Gene Kelly likes to sing in it, Spider-Man is known to kiss in it, but moody old melodrama remains the most reliable companion to rain at the movies. This is at least evident in the new Singaporean film Wet Season, in which a foreigner who teaches Mandarin at a city high school strikes up an increasingly troublesome but mutually vital friendship with one of her students. It buckets down continuously.
Wet Season was directed by Anthony Chen, a Singaporean native who won the Camera d’Or (the award for best first feature) at the 2013 Cannes Film Festival for Ilo Ilo, a movie in which a Filipino maid becomes unlikely friends with the unruly son of the family she has been hired to work for. Chen returns to that pseudo-mother-son relationship with Wet Season and once again uses it to cast an eye on the themes of class and social prejudice that quietly gave weight to his debut.

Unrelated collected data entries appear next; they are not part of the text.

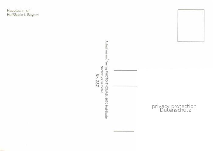 72646312 Hof Oberfranken Hauptbahnhof postalisch nicht gelaufen Erhaltung siehe scans [WerneD78] KatCode: 11110009471128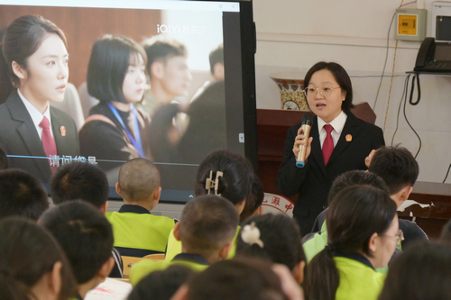 课堂上,熊丽将热播法治题材电视剧《底线》搬上校园荧幕,带领同学们“看剧学法”。通过播放剧中庭审片段,结合自身工作实际,为同学们讲解庭审流程,并解答专业术语,让他们了解基本的法律知识,感受法律的神圣与威严。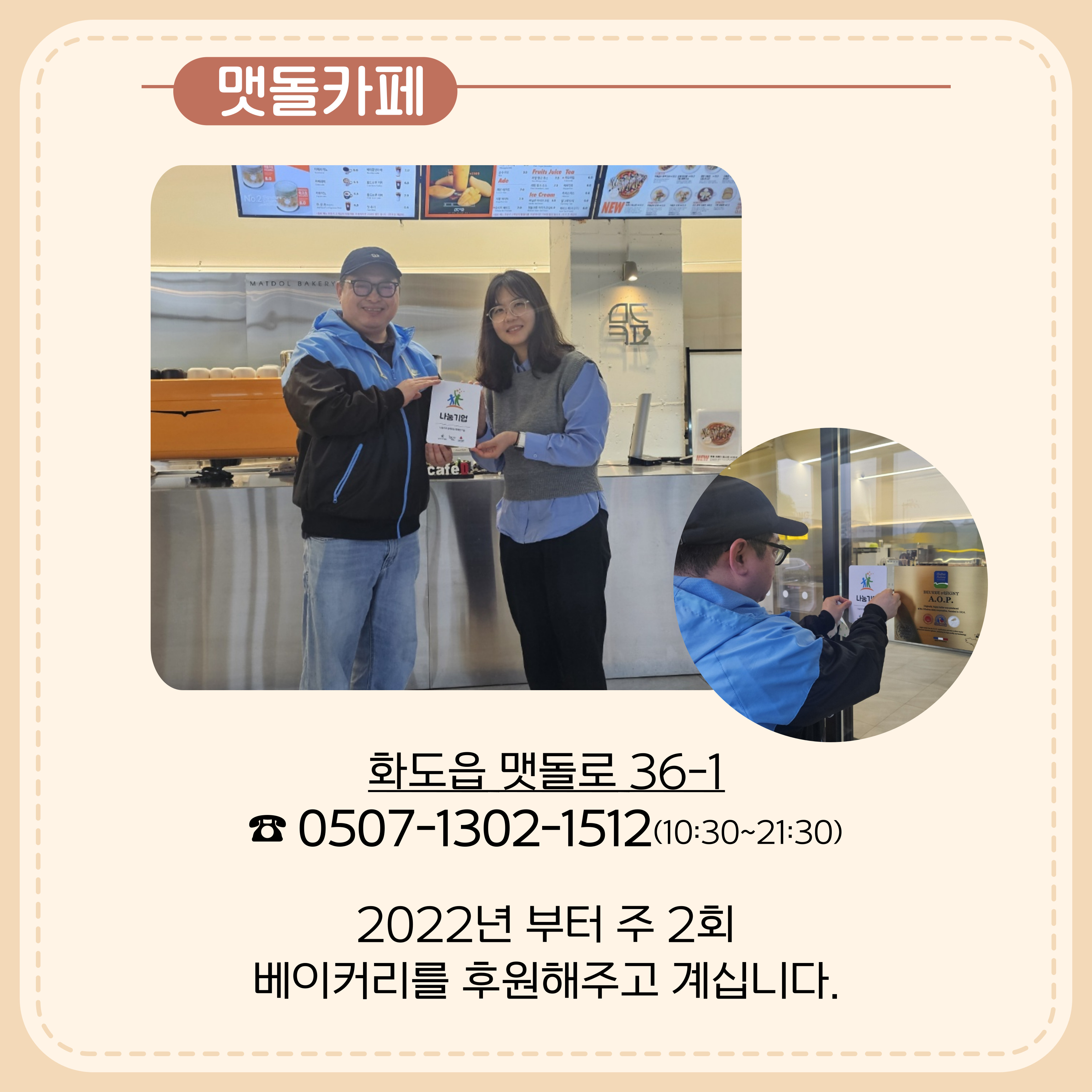 지난 9일에는, 2022년부터 지역사회에 나눔을 실천해주고 계신 '맷돌카페'에 나눔기업 현판을 전달했습니다.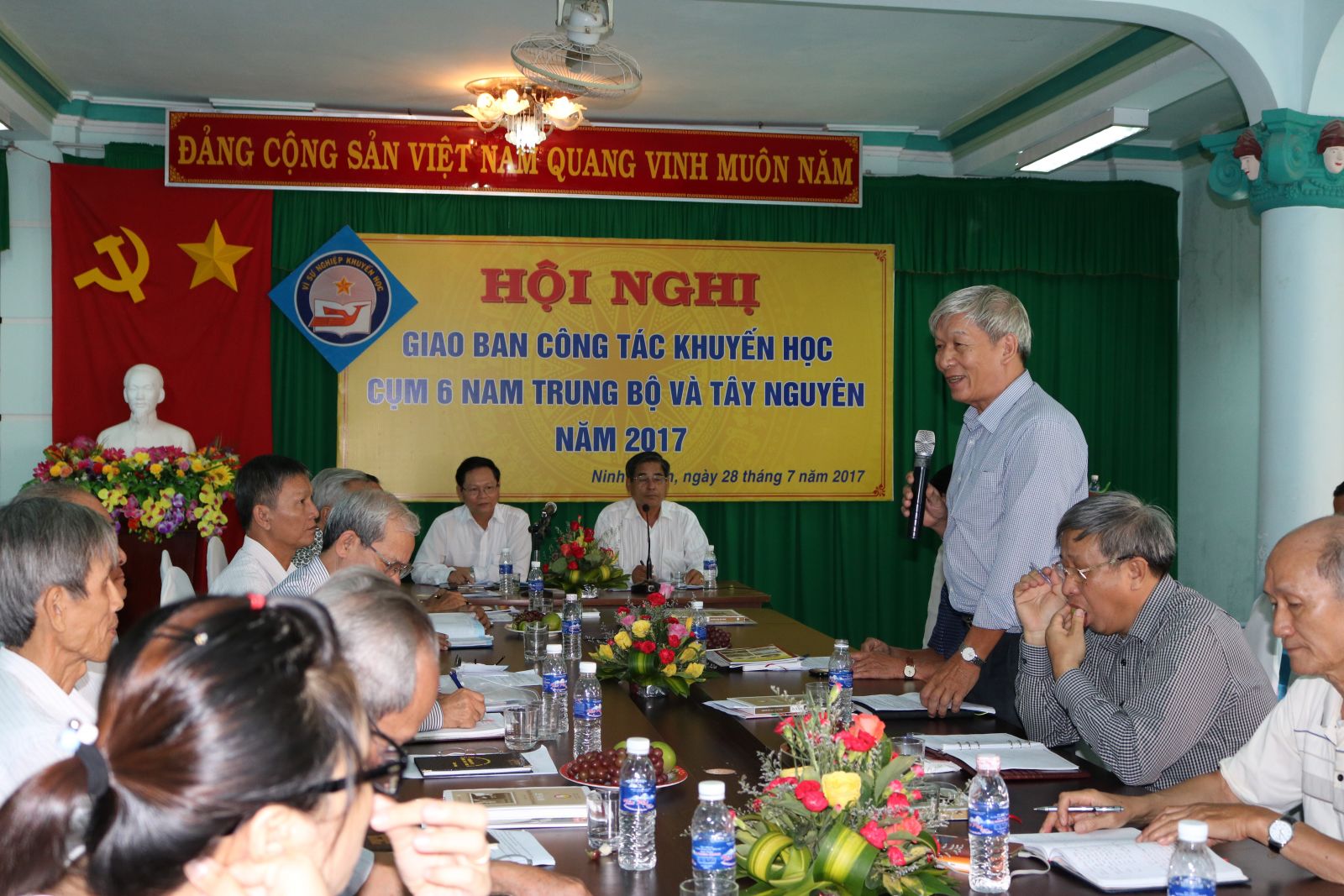 Họp giao ban cụm 6 các Hội Khuyến học thuộc tỉnh Miền Trung và Tây Nguyên tại Ninh Thuận Sáng ngày 28/7/2017 vừa qua, Hội Khuyến học tỉnh Khánh Hòa đã về tham dự họp giao ban cụm 6 các tỉnh Miền Trung và Tây Nguyên tại tỉnh Ninh Thuận. Trong cuộc họp, có các đại diện, lãnh đạo từ các Hội Khuyến học thuộc các tỉnh Miền Trung - Tây Nguyên. Cuộc họp nhằm đánh giá, sơ kết tình hình hoạt động công tác khuyến học, khuyến tài, xây dựng xã hội học tập của các tỉnh Hội trong 6 tháng đầu năm 2017, đồng thời đưa ra biện pháp, phương hướng hoạt động mới trong 6 tháng cuối năm 2017.

Yeo Yann Yann (who played the mother of the family in Ilo Ilo) stars as Ling, a Malaysian-born woman–married to a Singaporean man–who teaches Mandarin. She is also struggling with fertility issues, amongst other things, and Chen opens his film with a worrying image of her isolation as Ling sits alone in the front seat of her car, fruitlessly jabbing her belly with an IVF injection. Her husband Andrew (Christopher Lee), a finance type guy, might be having an affair and seems more interested in hitting the links than offering her affection, often leaving Ling with the job of caring for his physically impaired father–who in spite of his ailment is actually a decent skin. Andrew, we can suffice, is not interested in children.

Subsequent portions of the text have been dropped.